Deployment of Pre-Trained Models on Azure Container Services

This post is authored by Mathew Salvaris, Ilia Karmanov and Jaya Mathew.

Data scientists and engineers routinely encounter issues when moving their final functional software and code from their development environment (laptop, desktop) to a test environment, or from a staging environment to production. These difficulties primarily stem from differences between the underlying software environments and infrastructure, and they eventually end up costing businesses a lot of time and money, as data scientists and engineers work towards narrowing down these incompatibilities and either modify software or update environments to meet their needs.

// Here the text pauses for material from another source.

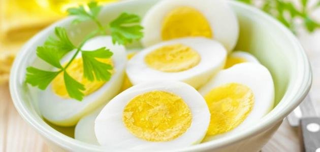 ويحتوي البيض على نسبة عالية من البروتين والدهون، حيث تحتوي البيضة المسلوقة على 6 غرامات من المادة العضوية الأولى و 5 غرامات من المادة العضوية الثانية مع فيتامينات مجموعة В وهذه مجتمعة تساعد على الشعور بالشبع لفترة طويلة.

Containers end up being a great solution in such scenarios, as the entire runtime environment (application, libraries, binaries and other configuration files) get bundled into a package to ensure smooth portability of software across different environments. Using containers can, therefore, improve the speed at which apps can be developed, tested, deployed and shared among users working in different environments. Docker is a leading software container platform for enabling developers, operators and enterprises to overcome their application portability issue.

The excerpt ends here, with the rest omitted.